Орущей кучей все навалились на него:
- Бей по маске! В маковку! Катай его!!
Стали хулигана с яростью оттаскивать от жертвы прочь. Он отлягивался, тряс головой, по-звериному рычал.
Началась расправа. Филька вгорячах тоже ввязался в свалку и работал кулаками с чувством справедливого гнева. Хулиган не защищался. Разбитый в кровь, измазанный своей и детской кровью, в изорванной в клочья рубахе, он под ударами разъяренных кулаков чурбаном перекатывался по луговине, кувыркался через башку, вверх пятками; белые, остановившиеся глаза его в бешеной, наводящей страх улыбке, окровавленный рот все еще жует и чавкает.
- Мяса!.. Кость! - хрипит он, - Подлюги, мяса! Его бы захлестали насмерть, но вдруг явился запыхавшийся Амелька.
- Ша! - скомандовал он. - Не видите, гады?! Он марафеты обожрался... - и бросил Мишке кусок сырого мяса.
Тот сгреб сырятину и, потеряв все человеческое, стал алчно рвать ее звериными зубами, урча и взлаивая.
- Миша, Миша, успокойся: это я... - гладил очумевшего парня по встрепанной, лохматой голове Амелька Схимник, затем увел его в кусты и уложил спать.
Охваченный негодованием, Филька пробирался прочь отсюда, к слепому старику, громко рассуждал:
- В милицию надо... К прокурору. В суд... Это убийство называется... Ну, дья-а-в-олы... Ох ты черт, анафемы какие... Тьфу!..
Но кулаки его тоже испачканы чужою кровью.
Меж тем на эту свалку почти никто под баржей не обратил внимания. Эка штука - подрались, кому-то два ребра сломали, ха-ха! хе-хе!
По ту сторону костра валялся в грязи полуголый, без рубахи, корявый парень. Он сдергивал с себя штаны, вопил:
- Ой, умру-умру-умру!.. Скорей!.. Марафеты... Последние портки меняю. За пять понюшек, ну, за четыре, ну, за три... рой!..
И голый, потряхивая штанами, вбежал под баржу. Глаза и весь вид его - безумны.
Фильке было интересно, больно и противно. Он знал этого парня. Он третьего дня пилил с ним для харчовки дрова. Хороший парень. И что такое с ним стряслось? Сивеем одичал.
Филька заметил, что в гульбе принимают участие далеко не все обитатели трущобы. Многие, набегавшись за день в поисках удовольствия и хлеба, крепко спали. Иные же, как ни старались, не могли уснуть: они затыкали уши, зарывались с головой в отрепья, однако пьяный гвалт не давал им забыться в сне. Они вскакивали, ругались, швыряли в пьяниц чем попало, грозили ношами. В ответ на это шпана волокла их за ноги к своим, принуждала выпить водки, давала зуботычины.
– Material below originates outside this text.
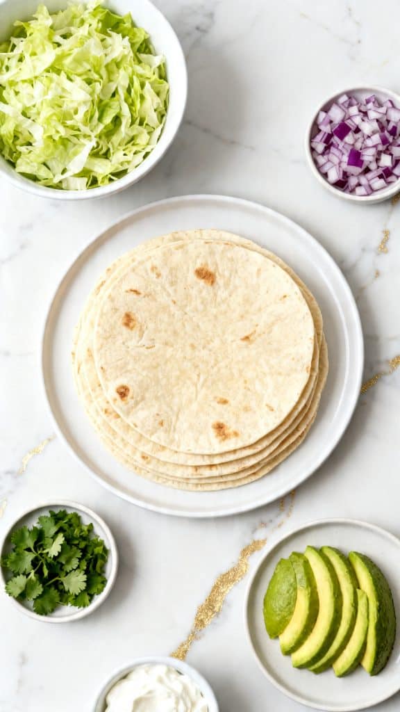 Warm 8 small flour tortillas until soft and pliable. While they warm, get your toppings ready: 1 cup shredded Mexican-blend cheese, 1 cup shredded lettuce, 1/2 cup diced red onion, 1/4 cup chopped cilantro if using, 1/2 cup sour cream if using, and 1 sliced avocado if using.

Какому-то мирно спящему двое пьяных оборванцев "ставили мушку": между пальцев ноги вложили клочок бумаги, подожгли и убежали. Спящий вскочил как полоумный.
- Ах, паразиты легавые... Убью! - закричал он, хватаясь за опаленную ногу.
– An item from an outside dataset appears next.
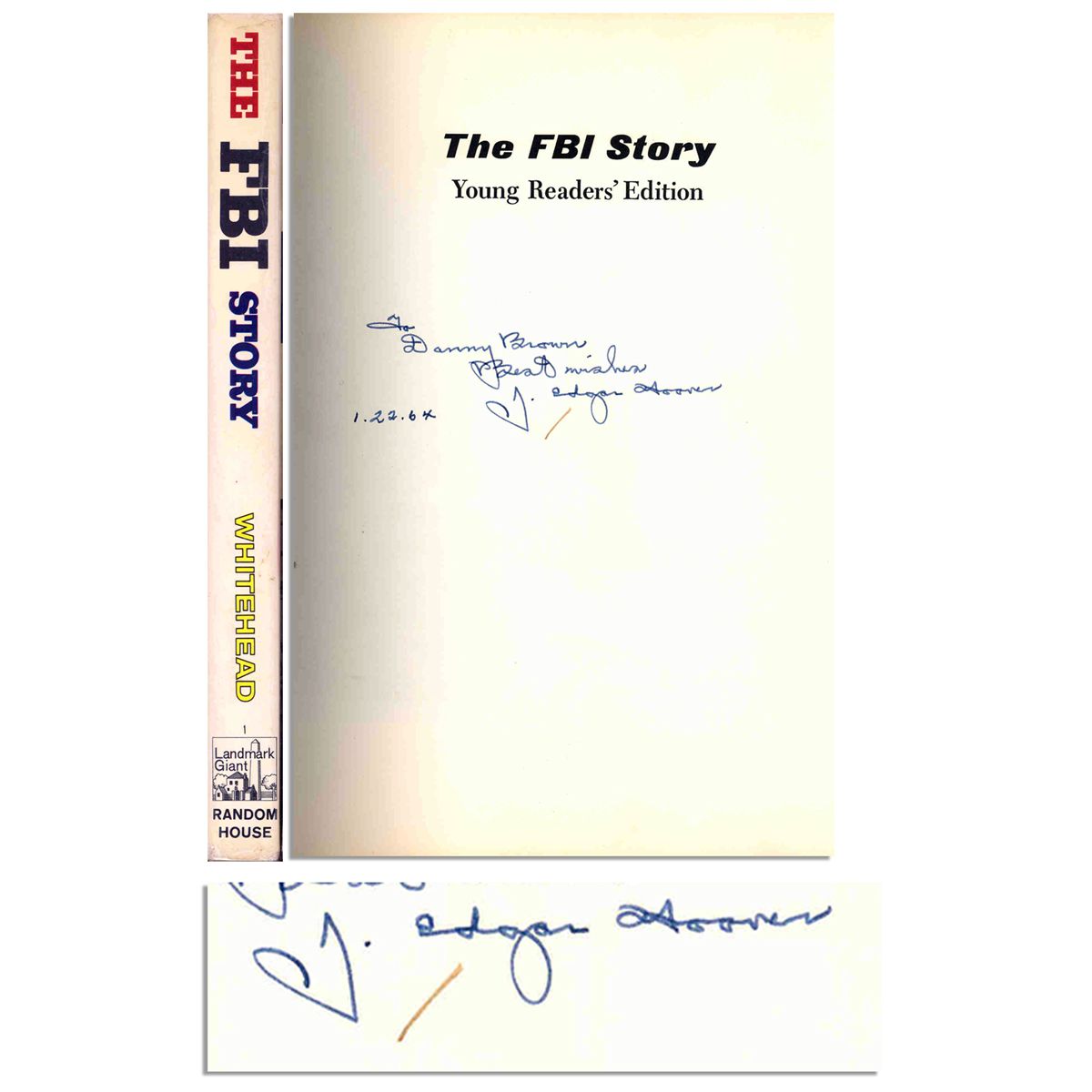 J. Edgar Hoover autographed copy of ''The FBI Story, Young Readers' Edition'' published by Random House: New York: 1963. The FBI Director inscribes the half title page, ''To Danny Brown / Best wishes / J. Edgar Hoover / 1.22.64''. Overall in very good condition with original unclipped dustjacket, also very good.

В это время разинула свое хайло гармошка, ударил барабан: свист, топот, гик пошел под баржей.
Все, кто не спал, кто не упился всмерть, высыпали к погасшему костру; веселые руки зажгли новые костры, и возле них на сыром после дождя лугу взвихрилась пляска.
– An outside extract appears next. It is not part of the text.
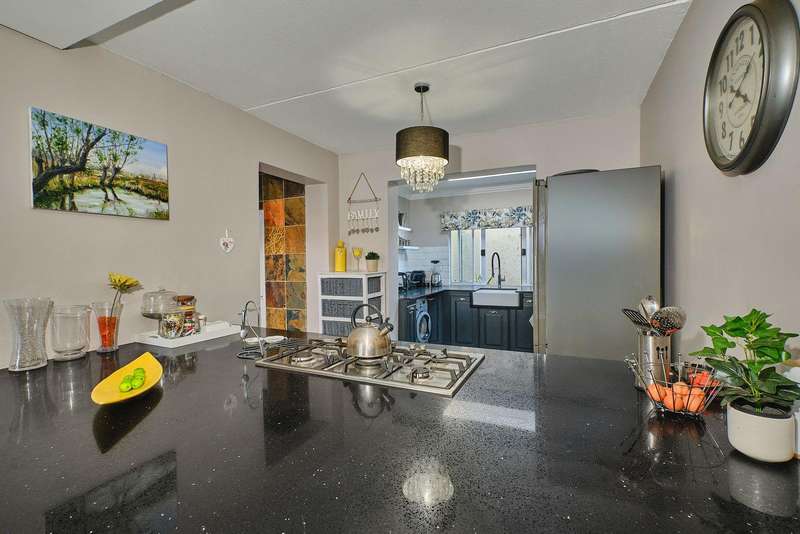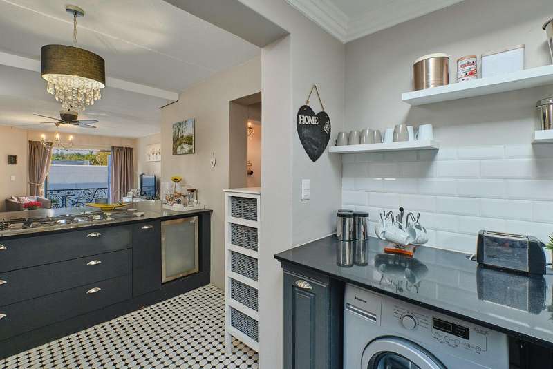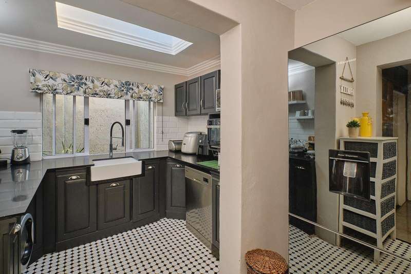 As you step inside, you're greeted by sleek, modern flooring that sets the tone for the contemporary design throughout the home. The open-plan living space is bathed in natural light, creating an inviting and airy atmosphere. This area flows effortlessly into the heart of the home - the fully renovated kitchen, which is both stylish and functional. The kitchen features sleek granite countertops, a state of the art five burner gas hob and a separate scullery that offers ample space for all your appliances and storage needs.

И гвалт, и пляска, и блеск костров плыли сквозь ночь к окраинам города.
Но в городе шла своя деловая жизнь: город гудел работой, хлопотливой суетой, далеким шумом замолкающих трамваев; над городом в рыхлых остатках ушедшей тучи отражались потоки электрических огней.
Пляска голодранцев коротка, быстра, пьяна. Тлен, лохмотья, ветошь стлались по воздуху в вихре дьявольского танца. Девчонки, бесстыдно вздымая рвань подолов, вертелись волчками, вызывающие, оголенные, нахальные. Исковерканные гиканьем, свистом, лица танцоров были отечны, болезненны, дряблы, в грязи, копоти, ссадинах, кровоподтеках; они отливали каким-то синевато-желтым отсветом, в каждой гримасе скользили злобность, тупое презрение к жизни, бахвальство, ярь. Если б не возбужденные водкой сверкающие взоры, лица стали бы безжизненными масками и пляска - танцем мертвецов.